Let’s try another query:
GET test_index-2/_search
{
"query": {
"match": {
"entity": {
"query": "prefix thing suffix",
"boost": 2
}
}
}
}
This yields:
{
"took" : 1,
"timed_out" : false,
"_shards" : {
"total" : 1,
"successful" : 1,
"skipped" : 0,
"failed" : 0
},
"hits" : {
"total" : {
"value" : 1,
"relation" : "eq"
},
"max_score" : 0.5753642,
"hits" : [
{
"_index" : "test_index-2",
"_type" : "_doc",
"_id" : "1",
"_score" : 0.5753642,
"_source" : {
"description" : "This description is about a Very Important Thing and something else.",
"entity" : "Very Important Thing"
}
}
]
}
}
Oh no, we still matched our Very Important Thing
while only thing
term is present in the query. But at least this time the score is lower than with previous twoqueries, 0.5753642 vs. 1.7260926. Here we clearly see the problem: we are matching short strings with long strings and partial matches raises problems.
Proposed Solution
Let’s leverage Synonym Graph Token Filter to solve our problem.
PUT /test_index-1
{
"mappings": {
"properties": {
"descrition": {
"type": "text"
},
"entity": {
"type": "text",
"analyzer": "lowercase_keyword_analyzer",
"search_analyzer": "synonym_graph_analyzer"
}
}
},
"settings": {
"index": {
"analysis": {
"analyzer": {
"synonym_graph_analyzer": {
"tokenizer": "standard",
"filter": [
"lowercase",
"my_synonym_graph"
]
},
"lowercase_keyword_analyzer": {
"tokenizer": "keyword",
"filter": [
"lowercase"
],
"char_filter": [
"spaces_to_undescores_filter"
]
}
},
"char_filter": {
"spaces_to_undescores_filter": {
"type": "mapping",
"mappings": [
" \\u0020 => _"
]
}
},
"filter": {
"my_synonym_graph": {
"type": "synonym_graph",
"lenient": true,
"synonyms": [
"very important thing => very_important_thing"
]
}
}
}
}
}
}
Let’s decompose this large index configuration piece by piece:
- The
entity
attribute now has separate analyzers for both index and search phases. - The
lowercase_keyword_analyzer
uses keyword tokenizer which means that tokenization will result in the sequence of token of size 1, then it normalizes tokens by lowercasing them and finallyspaces_to_undescores_filter
, replaces spaces to underscores. E.g. a string"Very Important Thing"
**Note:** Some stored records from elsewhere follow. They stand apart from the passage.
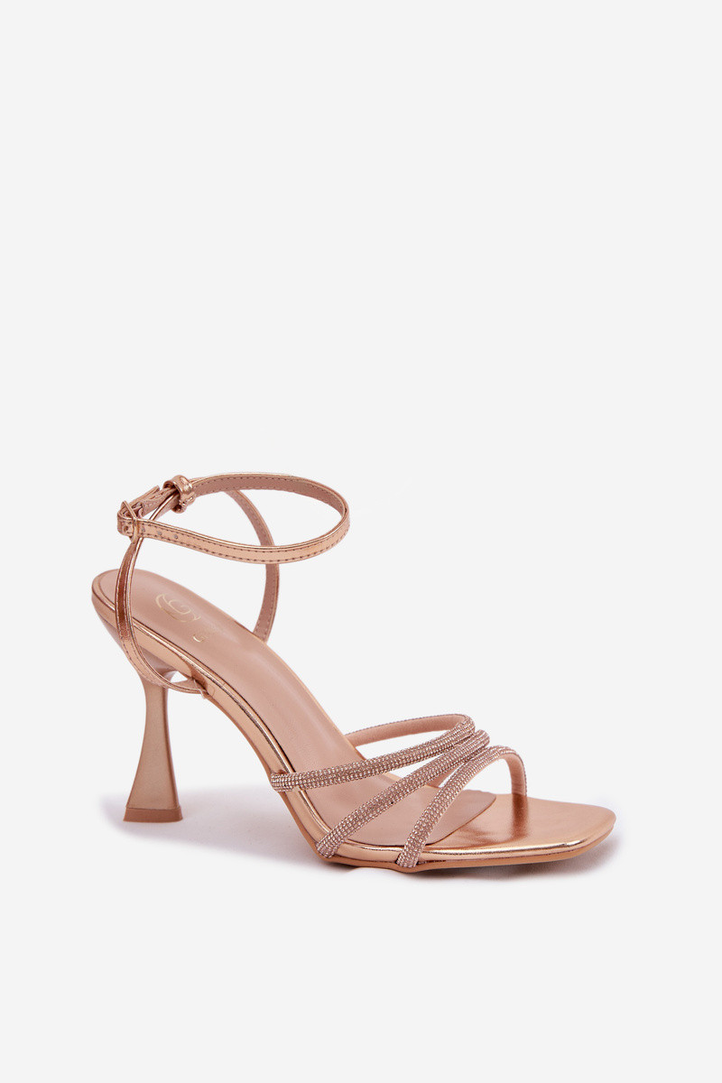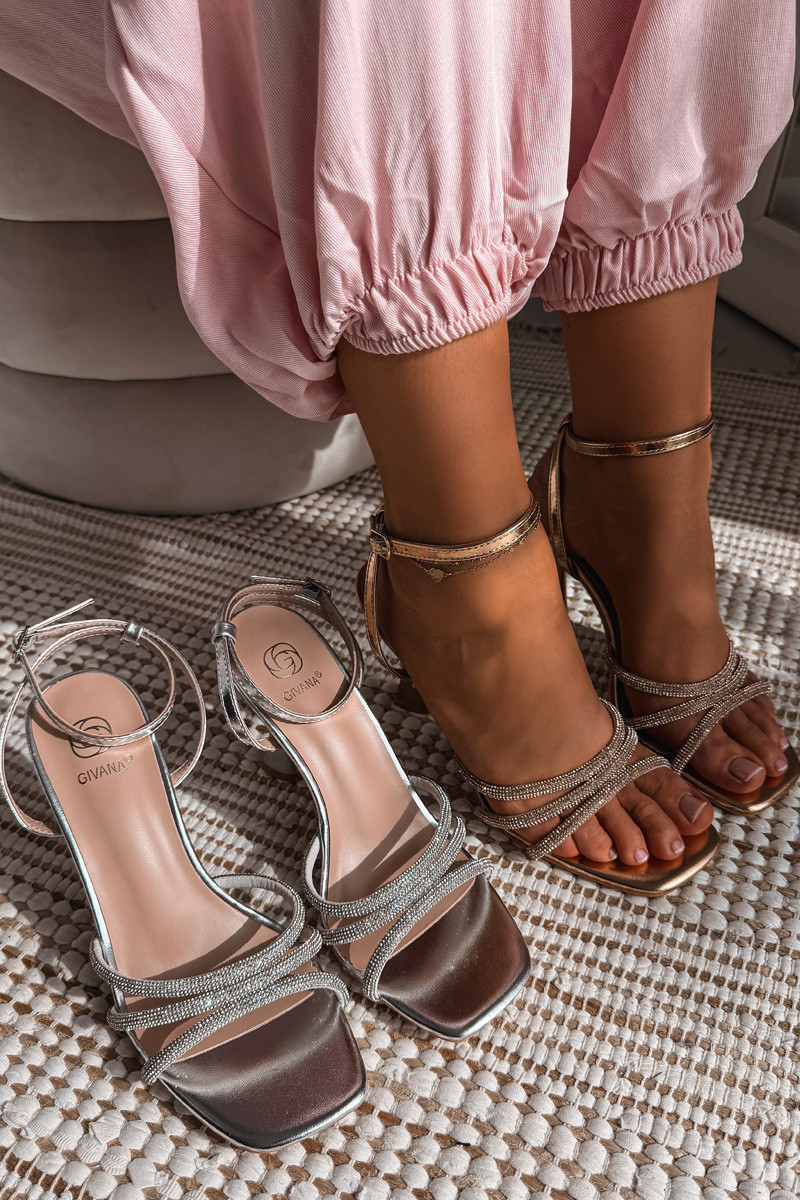 Naiste sandaalid kontsadega kaunistatud rihmadega šampanja värvi Gedira
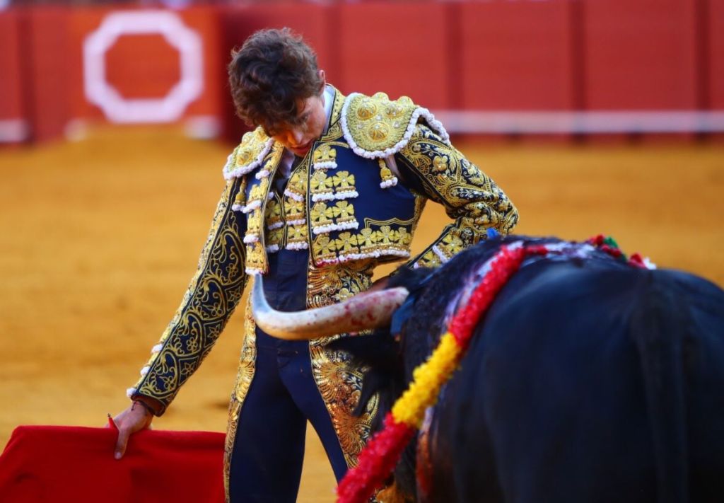 No tuvo opciones Calerito con el manso y desclasado primero. Un animal que ya desde salida evidenció su falta de gasta. De más a menos fue su pelea en el jaco, embistiendo andando en banderillas. Poco pudo hacer el sevillano salvo mostrar disposición ante un novillo que en el comienzo del trasteo embistió con pies, pero todo lo hizo a oleadas. Cuando perdió la movilidad tampoco dejó a Calerito ahormar faena. La falta de casta, unido a una embestida sosa y anodina no ayudó a que la faena cogiera vuelo. Novillo al que siempre había que llevar en línea recta y a su altura. Saludó una ovación desde el tercio tras tener que usar el verduguillo.
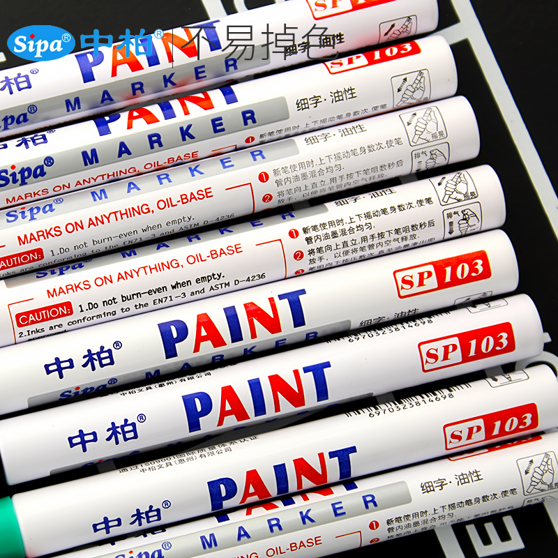 中柏油漆笔高光绘画笔黄色油性笔签名笔DIY相册涂鸦记号笔轮胎笔细头墓碑描字笔画衣服鞋子
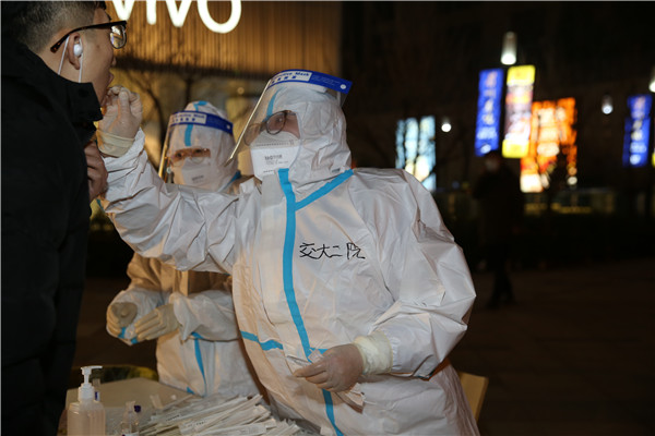 根据雁塔区统一安排,本次二附院核酸采样队医护人员将负责曲江创意谷、龙湖星悦荟、大悦城等13个采样点工作。市民们有序排队,队员们冒着严寒,顾不上吃饭喝水,持续工作,一直忙到凌晨,将采样任务完成,将采样点的垃圾处置干净才回酒店休息。截止16日凌晨,共采集13224人次。采样队员马忆楠说:“今天听见最多的是谢谢您,辛苦了!虽然吹着冷风但是心里很暖。”
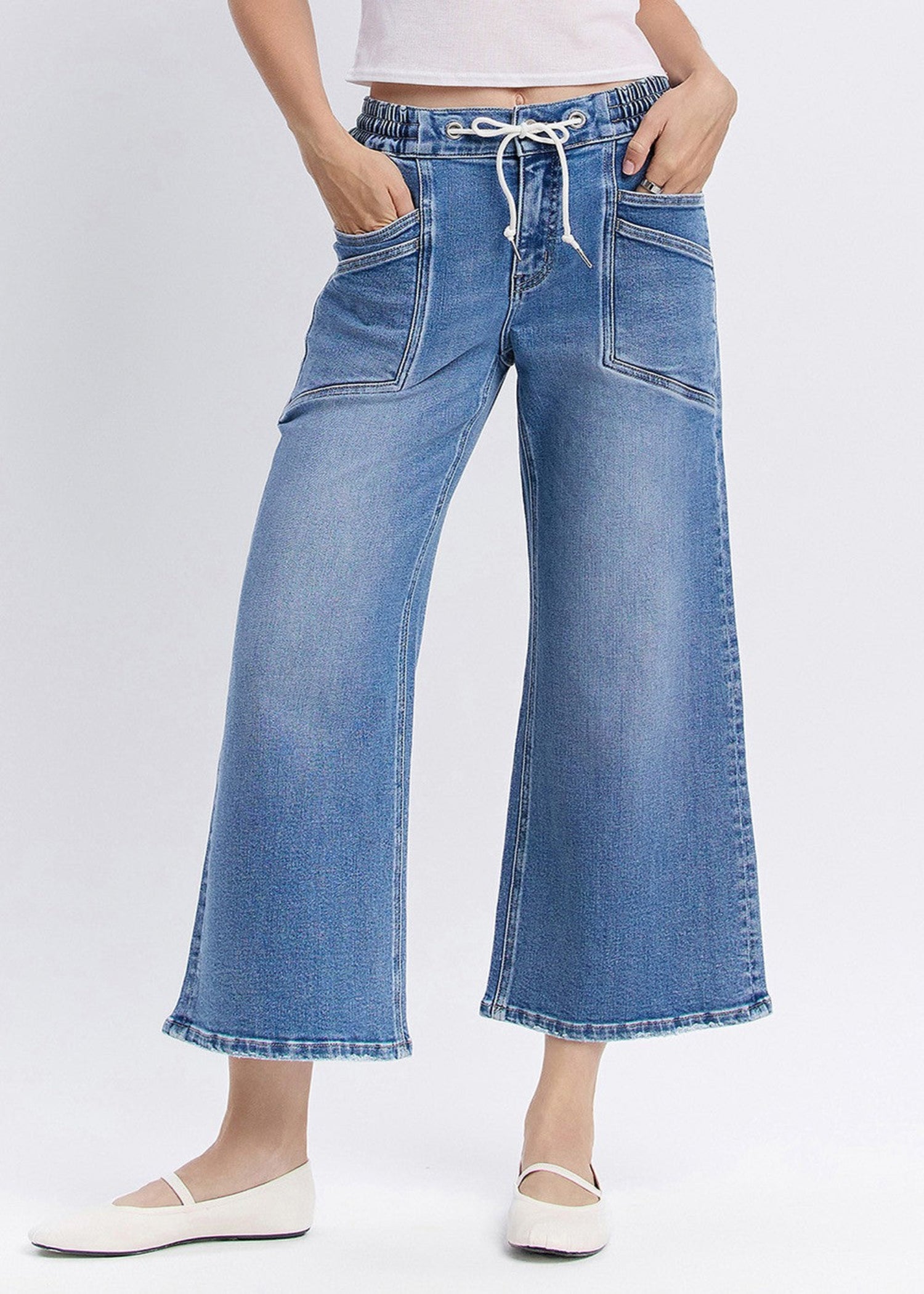 Comfort stretch denim, high rise waist, drawstring waistband, finished hem, cropped length, wide leg jeans.
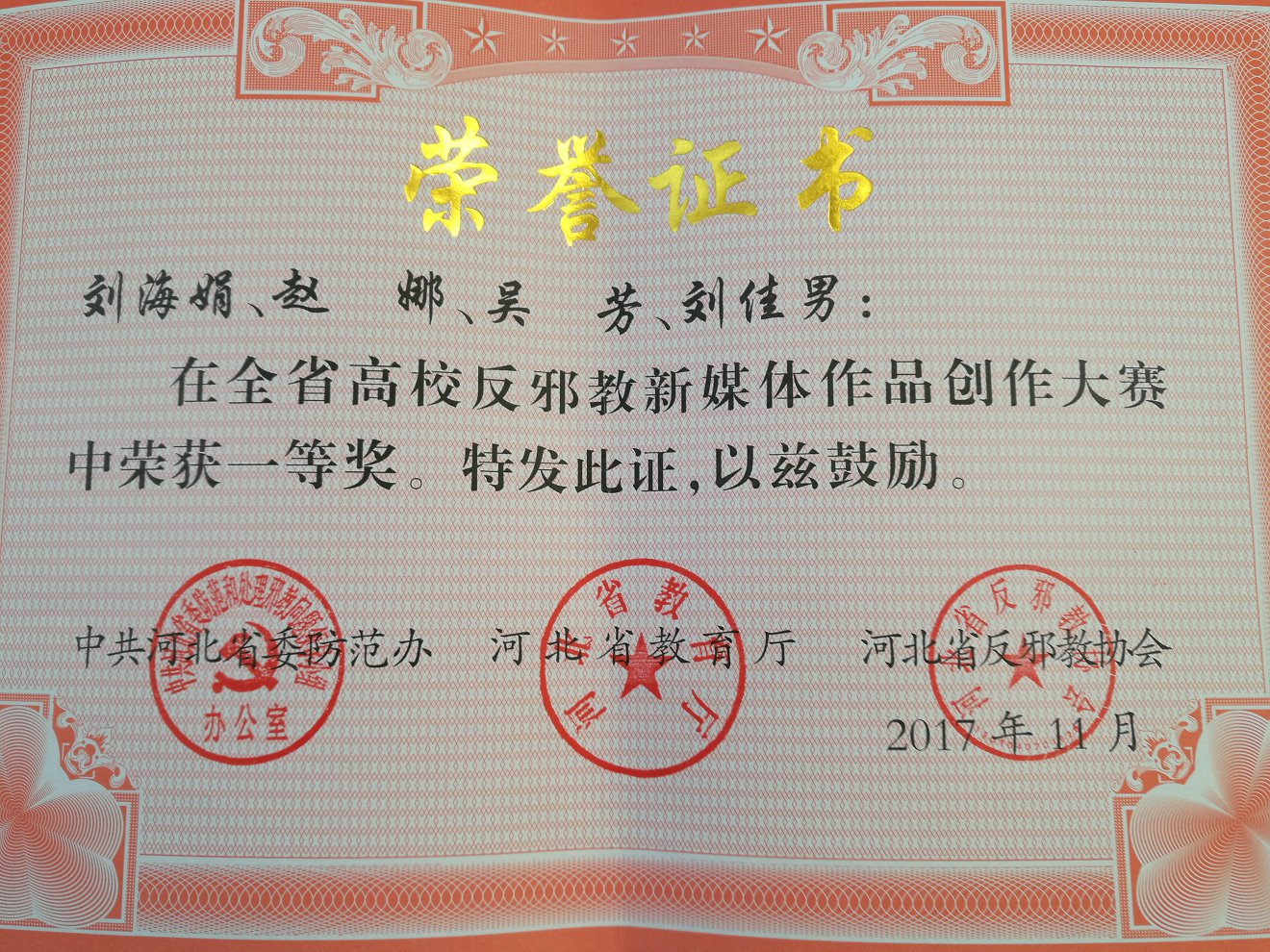 近日,在中共河北省委防范办、河北省教育厅和河北省反邪教协会联合举办的“2017年全省高校反邪教新媒体作品创作大赛”上,我院设计系刘海娟同学的作品《红灯停 绿灯行 邪禁行 正通行》荣获大赛一等奖,苑嘉诚、张金成等同学作品荣获优秀奖。

is transformed into list of tokens["very_important_thing"]
. Or use out friend_analyze
API:
POST test_index-1/_analyze
{
"text": ["Very Important Thing"],
"analyzer": "lowercase_keyword_analyzer"
}
This yields:
{
"tokens" : [
{
"token" : "very_important_thing",
"start_offset" : 0,
"end_offset" : 20,
"type" : "word",
"position" : 0
}
]
}
- The
synonym_graph_analyzer
use standard tokenizer, which is followed by thelowercase
filter, and then themy_synonym_graph
token filter is applied. We’ve set up one synonym"very important thing => very_important_thing"
. E.g.
POST test_index-1/_analyze
{
"text": ["prefix very important thing suffix"],
"analyzer": "synonym_graph_analyzer"
}
This yields:
{
"tokens" : [
{
"token" : "prefix",
"start_offset" : 0,
"end_offset" : 6,
"type" : "<ALPHANUM>",
"position" : 0
},
{
"token" : "very_important_thing",
"start_offset" : 7,
"end_offset" : 27,
"type" : "SYNONYM",
"position" : 1
},
{
"token" : "suffix",
"start_offset" : 28,
"end_offset" : 34,
"type" : "<ALPHANUM>",
"position" : 2
}
]
}
After analysis we have 3 tokens ["prefix", "very_important_thing", "suffix"]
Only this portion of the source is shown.